▶ [Directions for this task]
In the copy, include no images. Reproduce the entries exactly.

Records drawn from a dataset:
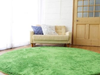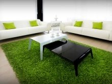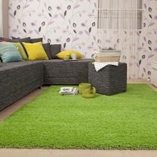 Natürlich ist der Favorit unter den Teppichen mit einem Haufen Kunstrasen grün. Es imitiert die natürliche Abdeckung und steht der Entspannung und Ruhe oft nicht nach. Jedoch (im Gegensatz zu diesem Kraut) wird eine solche Beschichtung nicht schmutzig, sie enthält keine Insekten, die einen Menschen beißen und alle Arten von Unbehagen hervorrufen können.
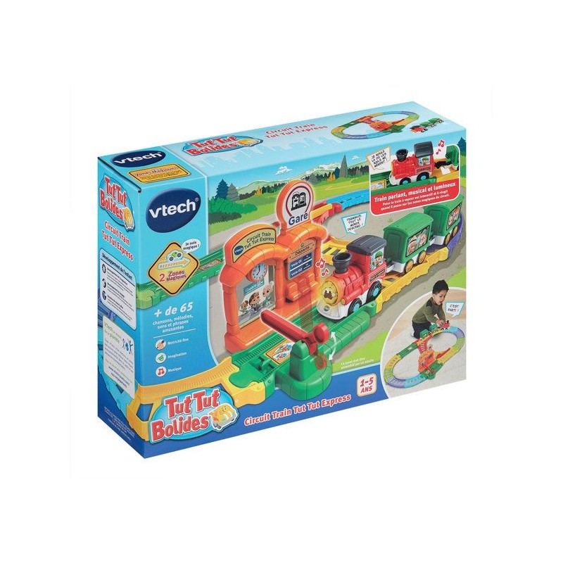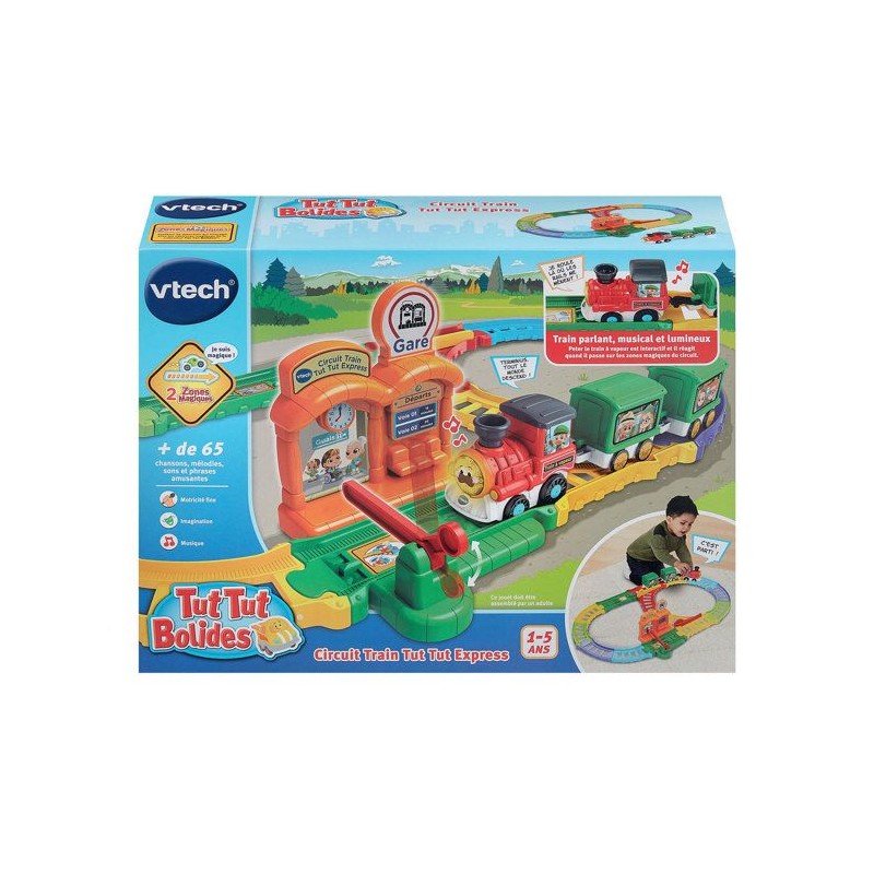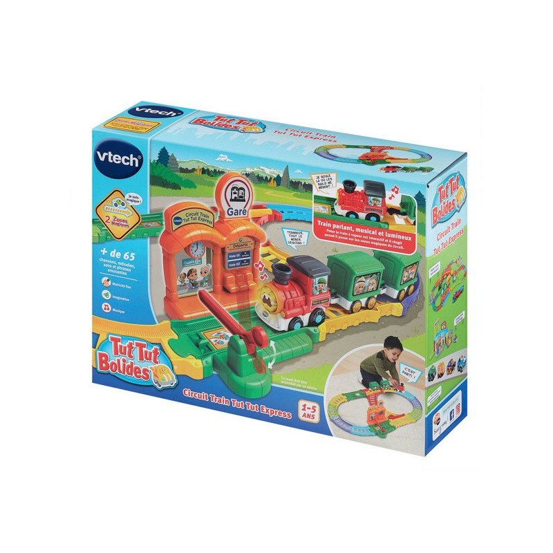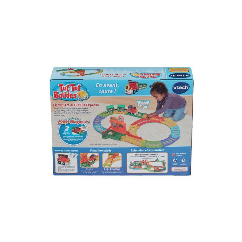 Tut Tut Bolides - Circuit train tut tut express (+ Peter train a vapeur) - 1 - 5 ans Un circuit train plein de rebondissements pour des aventures a toute vapeur ! Une mission spéciale a accomplir ? Peter, le train a vapeur, est pret a foncer sur les rails ! Il démarre depuis la gare puis choisit sa direction grâce a
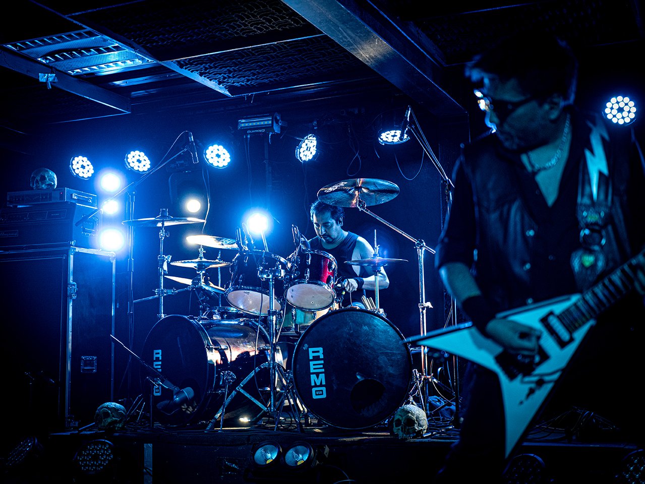 Para entender a Metalucifer, es necesario comprender la pasión y la euforia que nacen del sonido primigenio del metal, crudo, duro y tradicional. Sin pomposidad, sin maquillaje sonoro, sin artificios digitales. La suya es música hecha desde las vísceras, forjada en la devoción absoluta por el acero. Nacidos como una respuesta al fanatismo por el Heavy Metal, Gezol y compañía convirtieron a Metalucifer en una declaración de principios,rendir el más puro homenaje a las raíces del género. Esa misma energía se respiraba en la Sala RBX, repleta hasta el límite y con un público tan diverso como entregado: blackers, thrasheros, deathmetaleros, powermetaleros, doomers… todos unidos bajo la bandera del sonido más pútrido y noble del Heavy Metal.
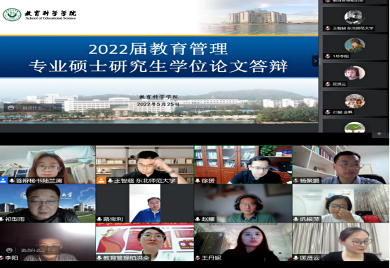 2022年5月25日,教科院教育管理专业研究生迎来了学位论文答辩。因处疫情时期,本次答辩依托腾讯会议平台,采用线上方式进行。答辩邀请了沈阳师范大学博士生导师祁型雨教授、东北师范大学博士生导师王智超教授,安徽师范大学博士生导师路宝利教授、陕西师范大学硕士生导师杨聚鹏副教授以及安徽师范大学附属小学副董事长赵耀组成了答辩专家委员会。教育管理全体研究生通过线上方式观摩了此次答辩会。
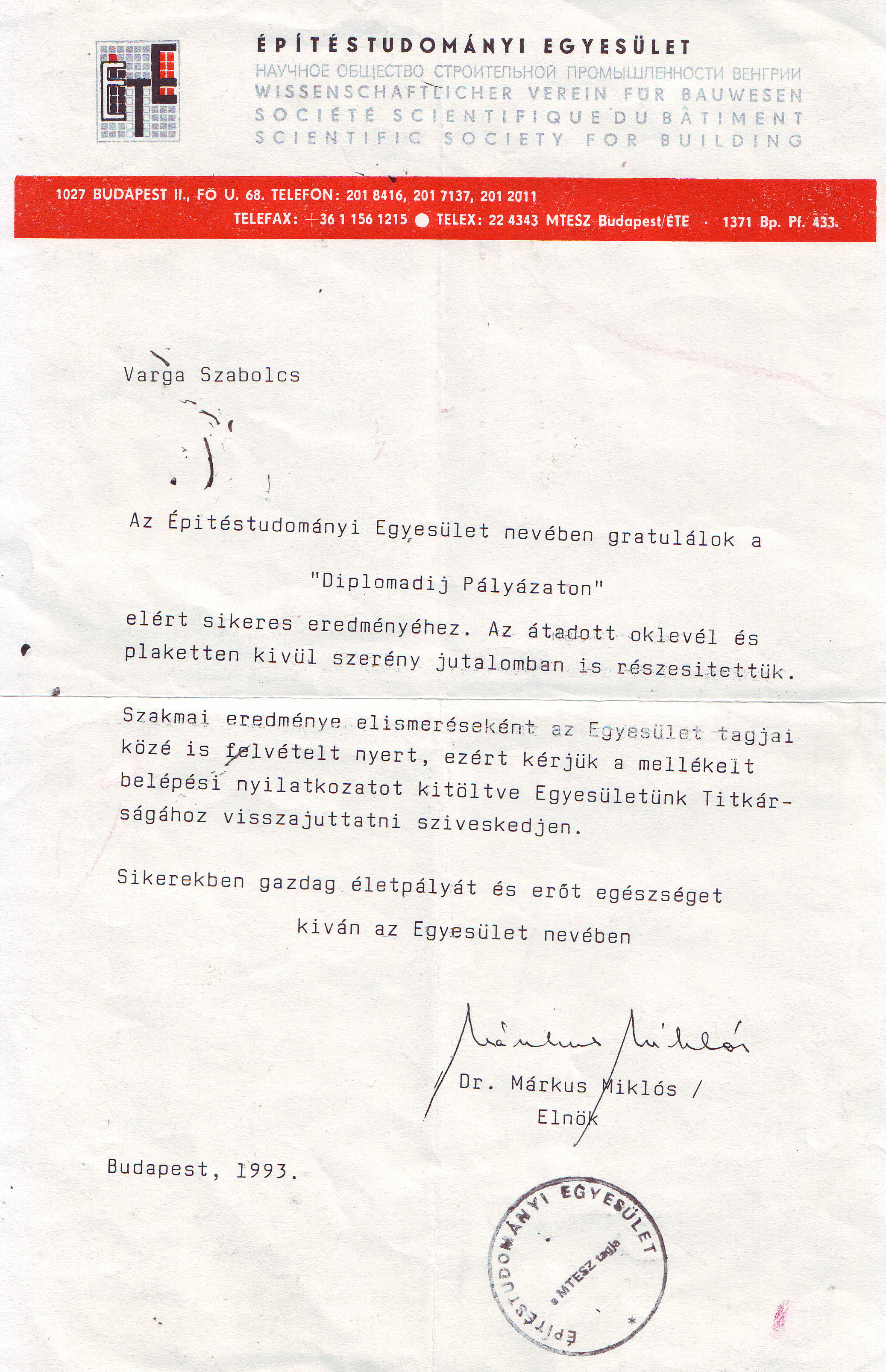 a zaj- és levegőterhelési számítások végzéshez kidolgozott programmal készített diplomamunka (Varga Szabolcs YMÉMF 1993 „Az állami Vizsgáztató Bizottság szakdolgozatát dicséretben részesíti és hasznosítását javasolja”) kapott, melyet az Építéstudományi Egyesület diplomadíj Pályázatán arany éremre méltattak.
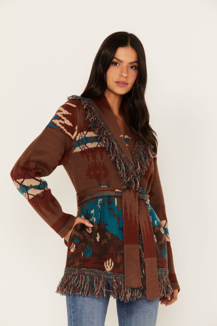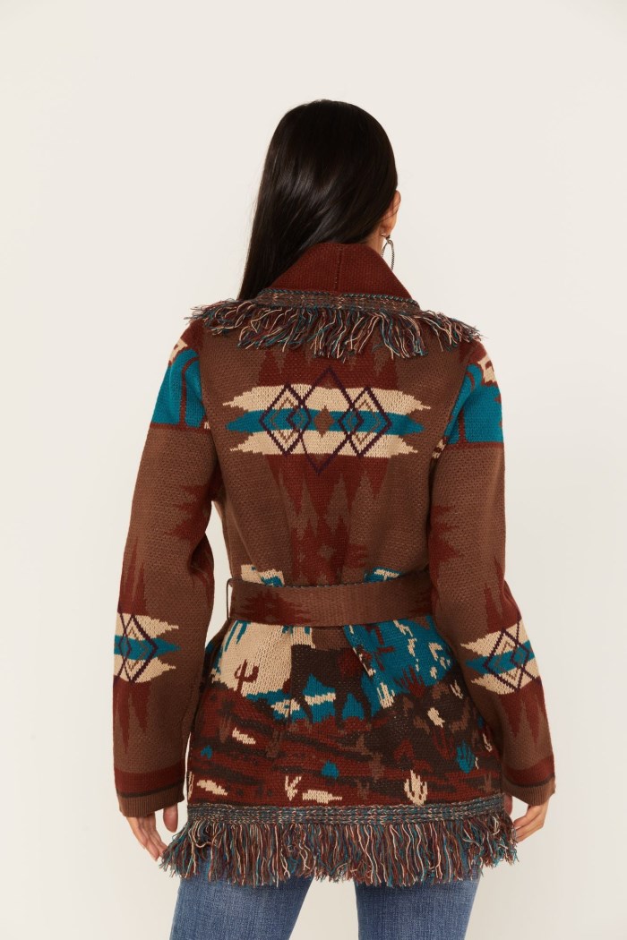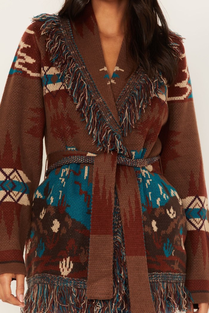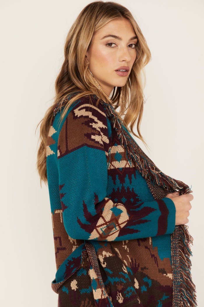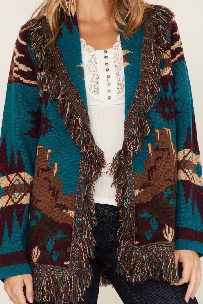 - Allover Southwestern knit fabrication
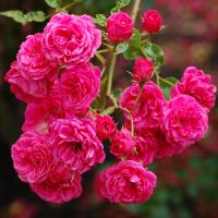 Куст 150-200 см высотой, с зелеными, блестящими листьями. Цветки мелкие, около 4 см в диаметре, махровые (48 лепестков), собраны в очень густые соцветия по 10-20 шт., ароматные. Зимостойкий сорт.

▶ [Exercise output]
 Natürlich ist der Favorit unter den Teppichen mit einem Haufen Kunstrasen grün. Es imitiert die natürliche Abdeckung und steht der Entspannung und Ruhe oft nicht nach. Jedoch (im Gegensatz zu diesem Kraut) wird eine solche Beschichtung nicht schmutzig, sie enthält keine Insekten, die einen Menschen beißen und alle Arten von Unbehagen hervorrufen können.
 Tut Tut Bolides - Circuit train tut tut express (+ Peter train a vapeur) - 1 - 5 ans Un circuit train plein de rebondissements pour des aventures a toute vapeur ! Une mission spéciale a accomplir ? Peter, le train a vapeur, est pret a foncer sur les rails ! Il démarre depuis la gare puis choisit sa direction grâce a
 Para entender a Metalucifer, es necesario comprender la pasión y la euforia que nacen del sonido primigenio del metal, crudo, duro y tradicional. Sin pomposidad, sin maquillaje sonoro, sin artificios digitales. La suya es música hecha desde las vísceras, forjada en la devoción absoluta por el acero. Nacidos como una respuesta al fanatismo por el Heavy Metal, Gezol y compañía convirtieron a Metalucifer en una declaración de principios,rendir el más puro homenaje a las raíces del género. Esa misma energía se respiraba en la Sala RBX, repleta hasta el límite y con un público tan diverso como entregado: blackers, thrasheros, deathmetaleros, powermetaleros, doomers… todos unidos bajo la bandera del sonido más pútrido y noble del Heavy Metal.
 2022年5月25日,教科院教育管理专业研究生迎来了学位论文答辩。因处疫情时期,本次答辩依托腾讯会议平台,采用线上方式进行。答辩邀请了沈阳师范大学博士生导师祁型雨教授、东北师范大学博士生导师王智超教授,安徽师范大学博士生导师路宝利教授、陕西师范大学硕士生导师杨聚鹏副教授以及安徽师范大学附属小学副董事长赵耀组成了答辩专家委员会。教育管理全体研究生通过线上方式观摩了此次答辩会。
 a zaj- és levegőterhelési számítások végzéshez kidolgozott programmal készített diplomamunka (Varga Szabolcs YMÉMF 1993 „Az állami Vizsgáztató Bizottság szakdolgozatát dicséretben részesíti és hasznosítását javasolja”) kapott, melyet az Építéstudományi Egyesület diplomadíj Pályázatán arany éremre méltattak.
 - Allover Southwestern knit fabrication
 Куст 150-200 см высотой, с зелеными, блестящими листьями. Цветки мелкие, около 4 см в диаметре, махровые (48 лепестков), собраны в очень густые соцветия по 10-20 шт., ароматные. Зимостойкий сорт.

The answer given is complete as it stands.